- Items listed in a dataset
# # # # # # #
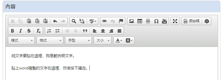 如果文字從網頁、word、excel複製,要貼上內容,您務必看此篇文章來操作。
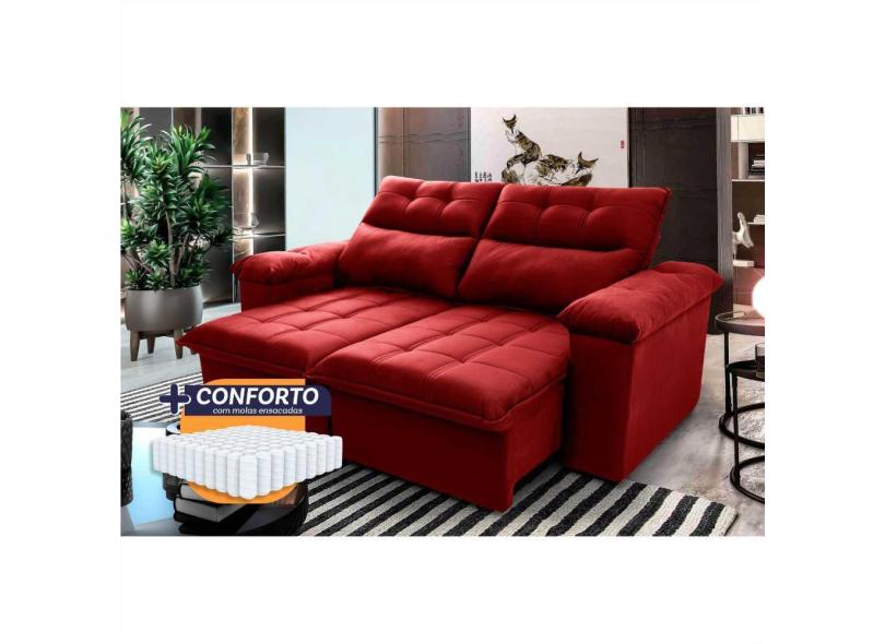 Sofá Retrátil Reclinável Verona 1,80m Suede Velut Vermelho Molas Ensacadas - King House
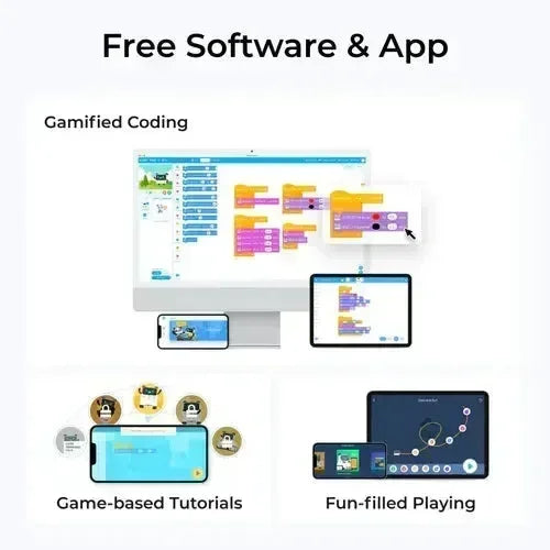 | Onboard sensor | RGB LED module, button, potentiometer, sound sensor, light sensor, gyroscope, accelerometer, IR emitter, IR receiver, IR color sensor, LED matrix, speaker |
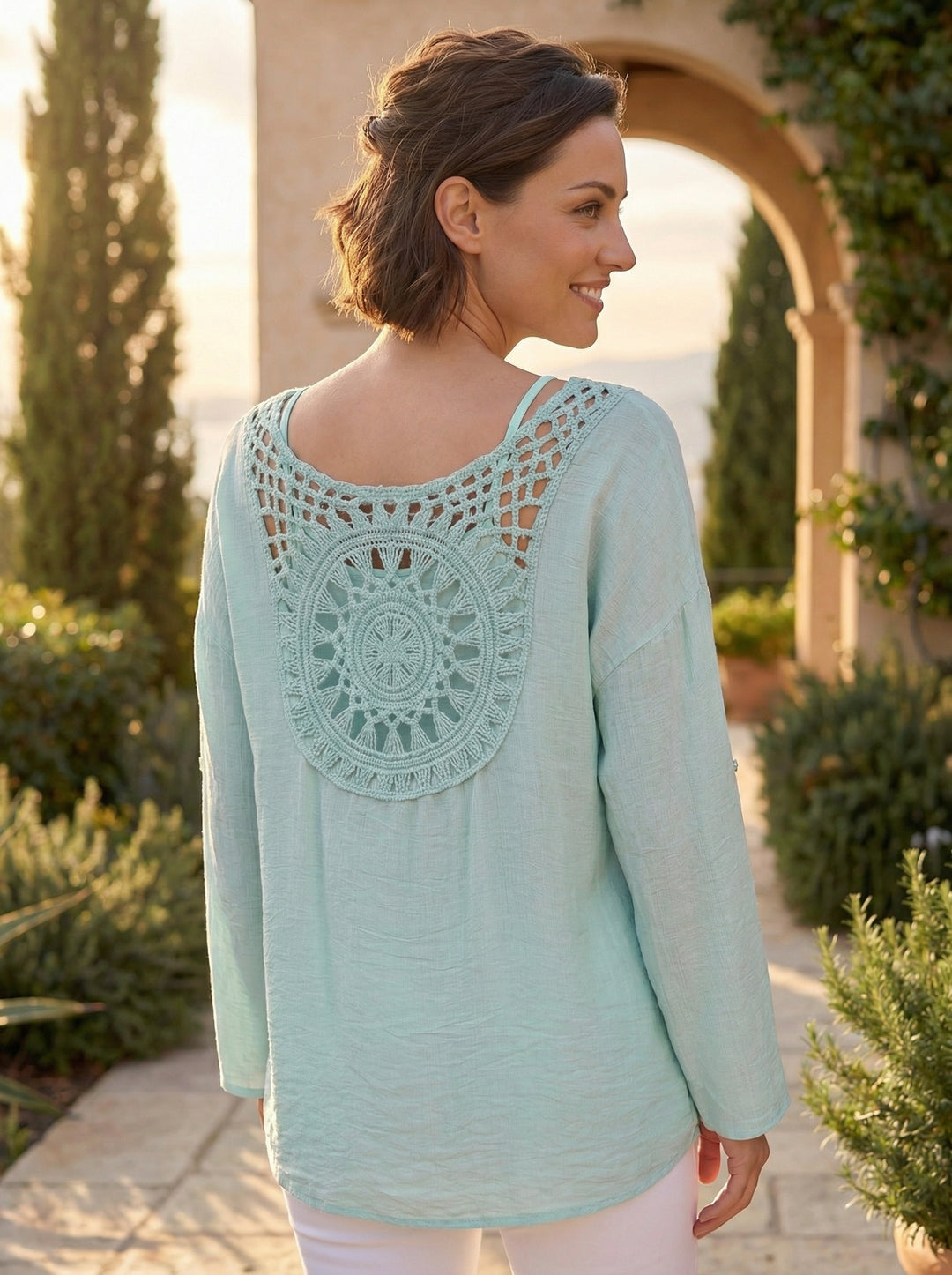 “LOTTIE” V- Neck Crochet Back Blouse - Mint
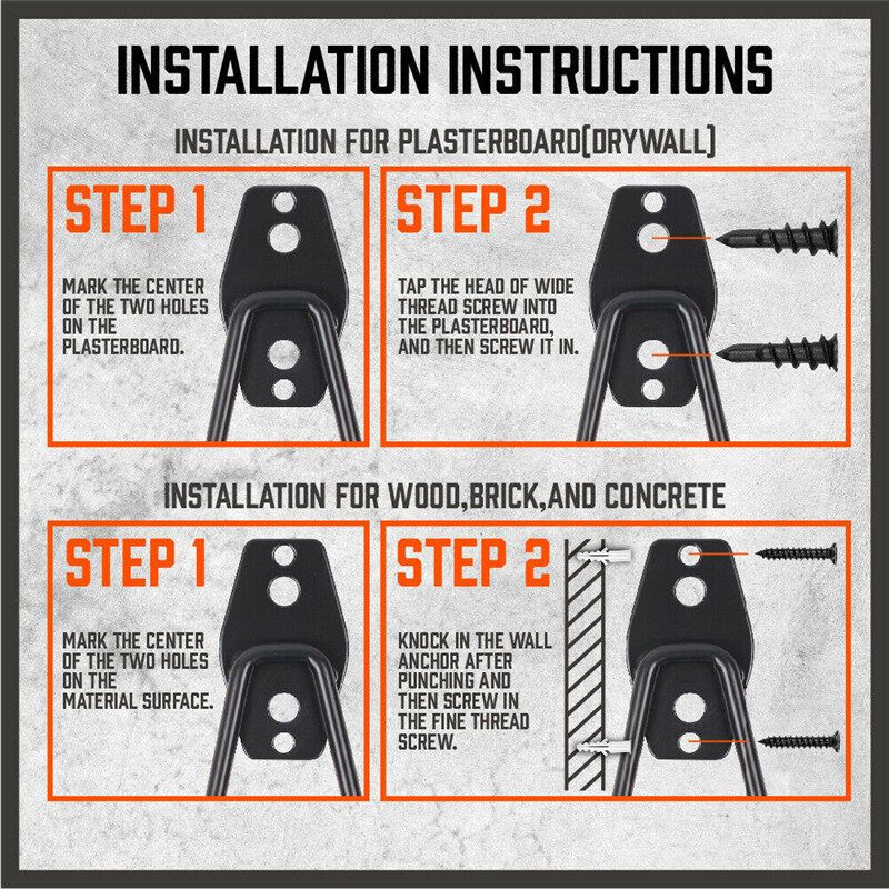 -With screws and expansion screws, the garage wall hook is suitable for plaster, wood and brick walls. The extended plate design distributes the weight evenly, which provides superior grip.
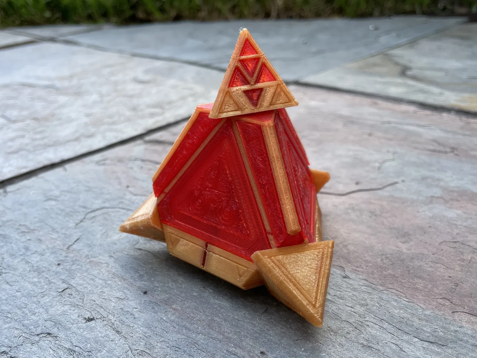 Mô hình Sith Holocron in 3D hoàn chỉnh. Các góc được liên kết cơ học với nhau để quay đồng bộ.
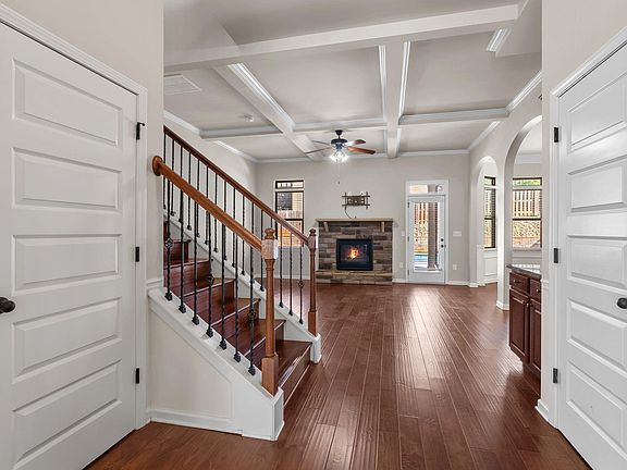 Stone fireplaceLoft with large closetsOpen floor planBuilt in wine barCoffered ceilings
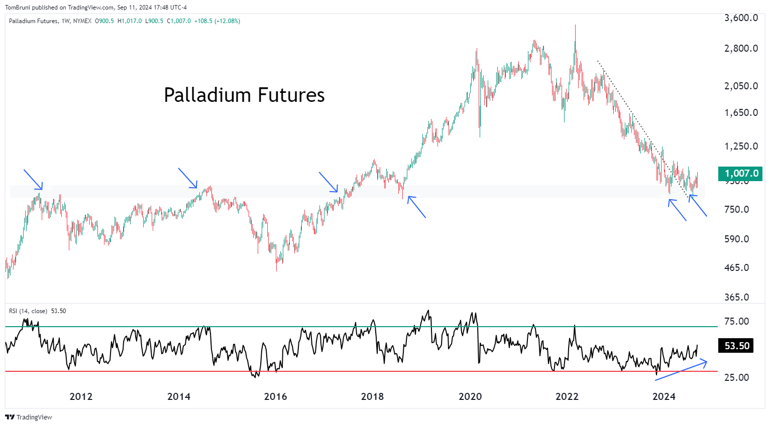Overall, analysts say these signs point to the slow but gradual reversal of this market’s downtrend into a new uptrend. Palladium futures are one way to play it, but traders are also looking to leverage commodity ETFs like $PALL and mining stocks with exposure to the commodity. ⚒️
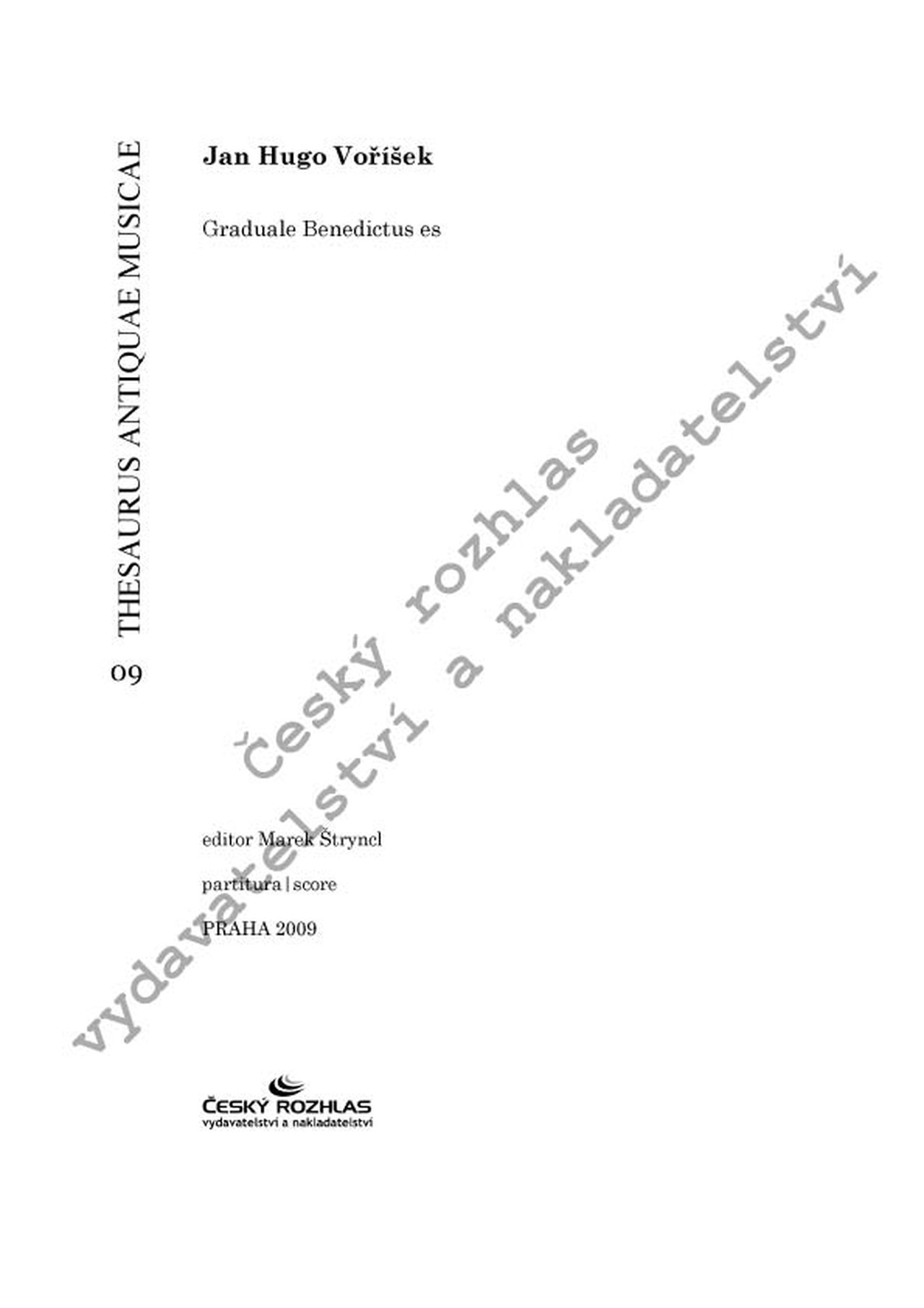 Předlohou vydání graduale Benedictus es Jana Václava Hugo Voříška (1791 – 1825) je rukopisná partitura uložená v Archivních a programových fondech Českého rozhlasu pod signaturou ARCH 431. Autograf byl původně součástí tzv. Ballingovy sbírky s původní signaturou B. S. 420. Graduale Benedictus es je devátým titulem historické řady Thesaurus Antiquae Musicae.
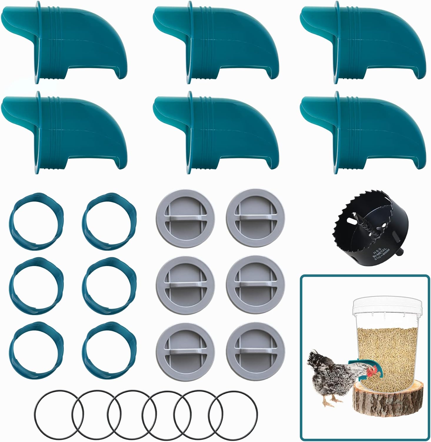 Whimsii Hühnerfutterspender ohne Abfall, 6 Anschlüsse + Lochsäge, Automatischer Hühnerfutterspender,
# # # # # # #
- Description of the task
Starting at the line above that holds "matrix, speaker |", return each line up to and including the one that holds "Stone fireplaceLoft with", exactly as written, minus any pictures.

- Answer to this task
 | Onboard sensor | RGB LED module, button, potentiometer, sound sensor, light sensor, gyroscope, accelerometer, IR emitter, IR receiver, IR color sensor, LED matrix, speaker |
 “LOTTIE” V- Neck Crochet Back Blouse - Mint
 -With screws and expansion screws, the garage wall hook is suitable for plaster, wood and brick walls. The extended plate design distributes the weight evenly, which provides superior grip.
 Mô hình Sith Holocron in 3D hoàn chỉnh. Các góc được liên kết cơ học với nhau để quay đồng bộ.
 Stone fireplaceLoft with large closetsOpen floor planBuilt in wine barCoffered ceilings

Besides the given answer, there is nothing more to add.